Поле этой миссии было не особенно значительно. Оно заключило в себе Кипр, во всю длину его, и в Малой Азии ломанную линию приблизительно в сто миль. Это был первый пример такого рода апостольского путешествия; ничего не было подготовлено заранее. Павлу и Варнаве пришлось бороться с крупными внешними затруднениями. He надо представлять себе эти странствия путешествиями, напр., какого-нибудь Франсуа Ксавье или Ливингстона, которых поддерживали богатые общества. Апостолы, скорее, были похожи на рабочих-социалистов, пропагандирующих свои убеждения из кабачка в кабачок, чем на современных миссионеров. Ремесло их оставалось для них средством к добыванию необходимого; им приходилось останавливаться, чтобы заниматься им, сообразуясь с местностью, где они находили работу. Отсюда задержки, безделье, тысячекратная потеря времени. Но, несмотря на всякие большие препятствия, общие результаты эта первая проповедь дала громадные. Когда Павел сел на корабль, чтобы вернуться в Антиохию, - существовали уже церкви язычников. Был сделан великий шаг. Все такого рода факты, произошедшие раньше, не имели решающего значения. Их можно было все более или менее правдоподобно оправдать перед правоверными иерусалимскими евреями, утверждавшими, что обрезание есть необходимое приуготовление к исповеданию христианства. На этот раз вопрос был поставлен прямо. Выяснился также другой факт величайшего значения: это - прекрасная почва, которую Евангелие могло найти в некоторых народах, исповедывавших мифологические культы. Учение Иисуса, очевидно, должно было воспользоваться тем очарованием, которое имело до тех пор на благочестивых язычников. Еврейство, в особенности Малой Азии, очевидно, суждено было стать второй христианской землей. После бедствий, которым вскоре подвергнутся палестинские церкви, она станет главным очагом новой веры, театром важнейших преобразований последней.

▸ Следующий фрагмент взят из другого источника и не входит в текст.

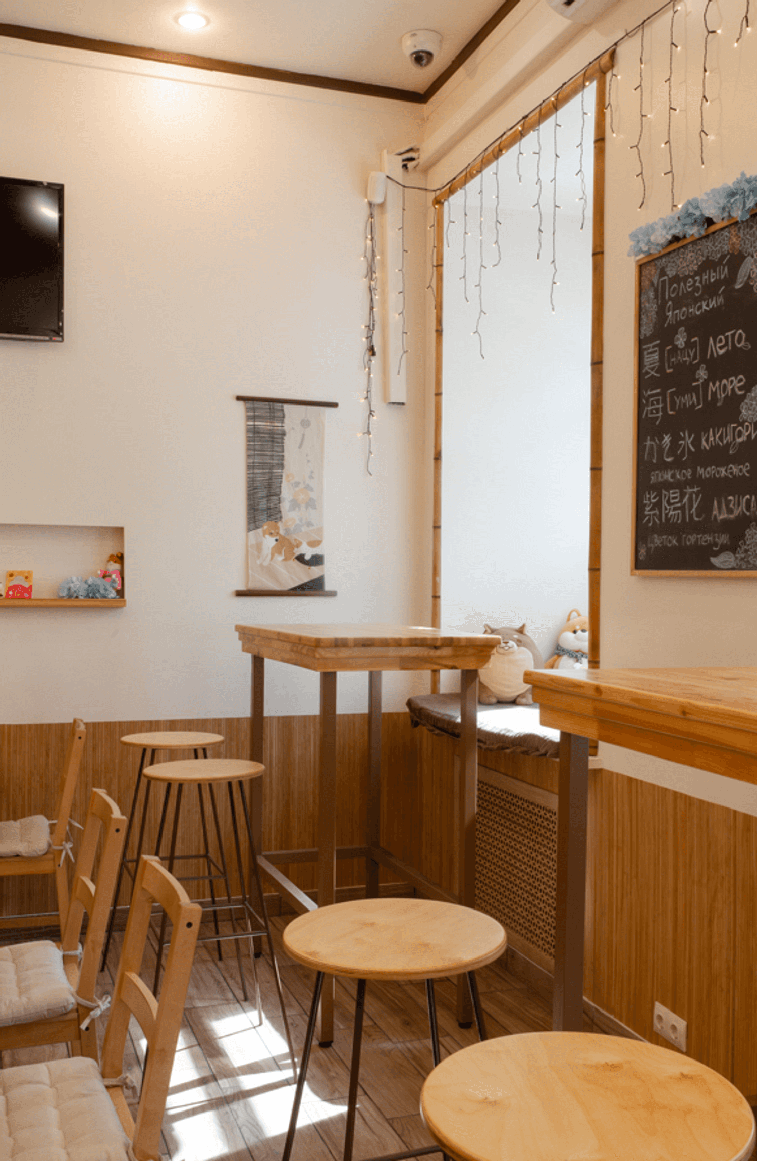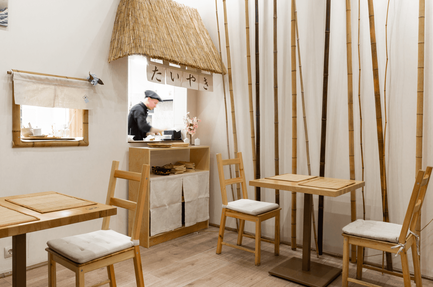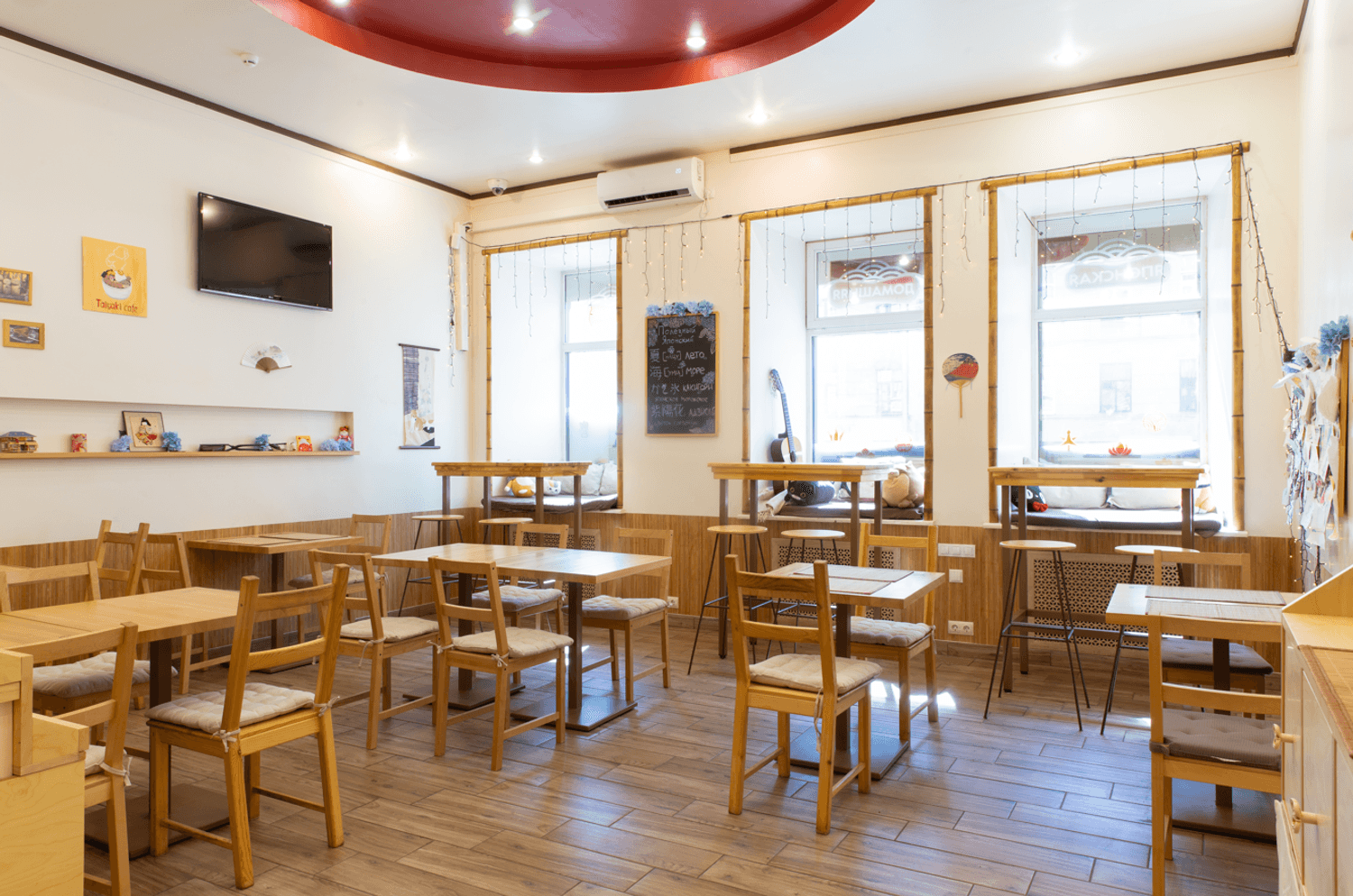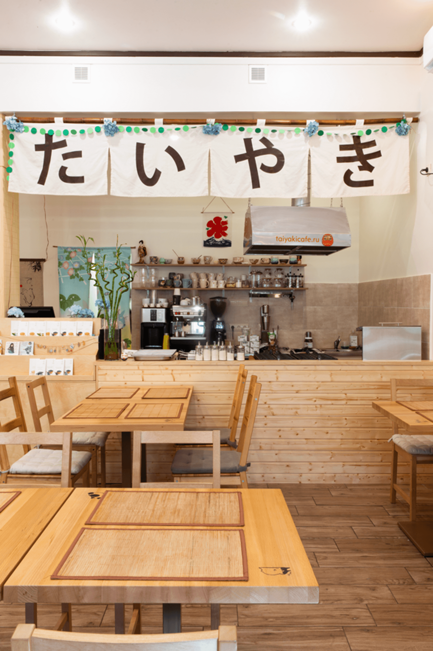 Атмосфера. Интерьер воссоздает дух современных токийских кафе: нейтральные цвета интерьера, деревянная отделка, но при этом яркая графика на стенах и динамичная рассадка. Небольшое пространство с открытой кухней, где готовят тайяки, наполнено ароматами вафель и японских специй, что создает ощущение уличного фуд-корнера в Японии.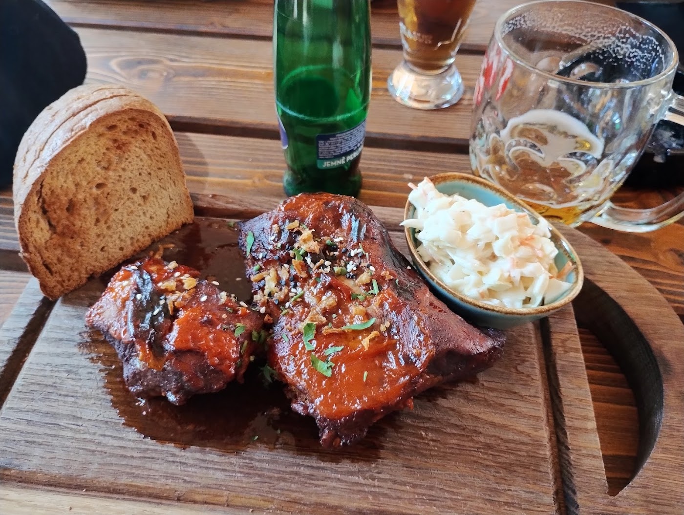 - Chutné jídlo, zejména burger a žebra
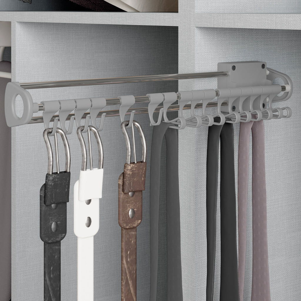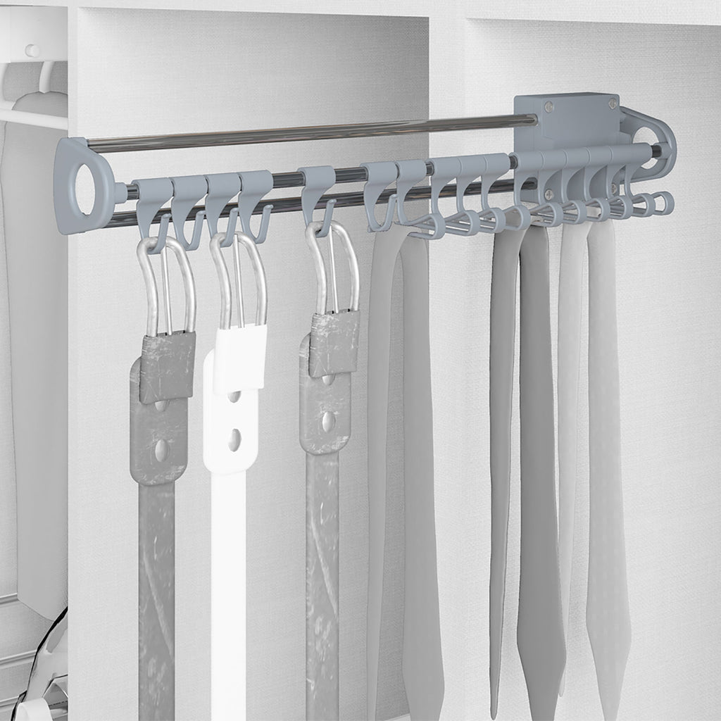 Der selbstausziehbare Krawattenhalter - Gürtelhalter an der Seite ist das ideale Accessoire, um Ordnung in Ihren Kleiderschrank zu bringen. Da es abnehmbar ist, können Sie Ihre Gürtel und Krawatten immer griffbereit haben.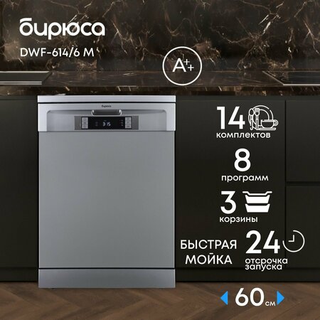 Посудомоечная машина 60 см Бирюса DWF-614/6 M, 14 комплектов, 3 корзины, дисплей, дополнительная сушка, серебристый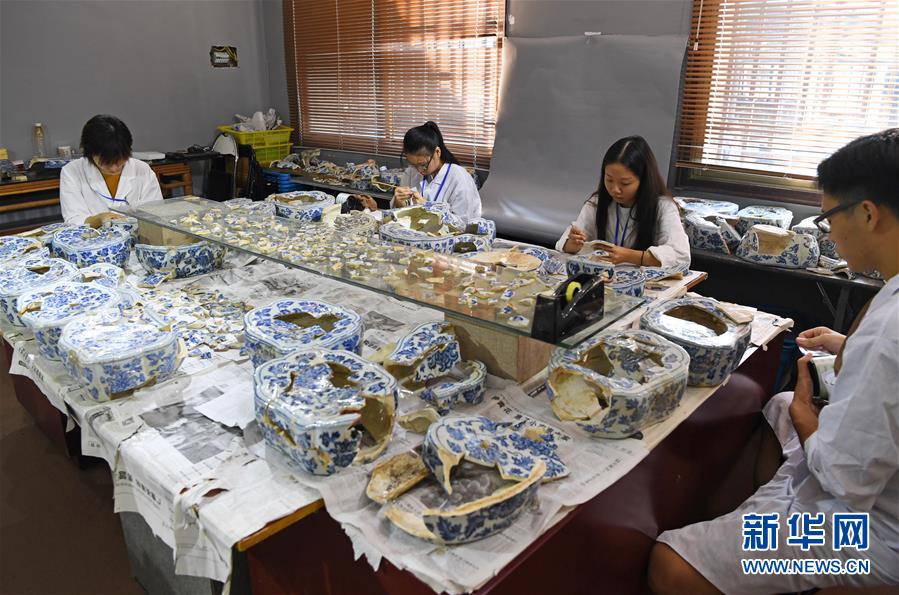 在江西景德鎮(zhèn),工作人員修復明代瓷枕(9月20日攝)。 新華社記者 萬象 攝

Глава 3. Первое дело об обрезании
Возвращение Павла и Варнавы Антиохийская церковь встретила радостными кликами. Вся улица Сингона приобрела праздничный вид; собралась вся церковь. Миссионеры рассказали свои приключения и то, что сделал Бог через них. "Сам Бог, говорили они, отверз двери веры язычникам". Они рассказали о Галатских церквах, почти целиком состоящих из язычников. Антиохийская церковь, которая, с своей стороны, давно признала законность крещения язычников, одобрила их образ действий. Они оставались в Антиохии несколько месяцев, отдыхая от трудов и окунаясь снова в этот источник апостольского духа. В это время, по-видимому, Павел и обратил в христианство и взял себе в ученики, товарищи и сотрудники молодого человека, необрезанного, рожденного от родителей язычников, по имени Тита, которого с этого времени мы встречаем с ним.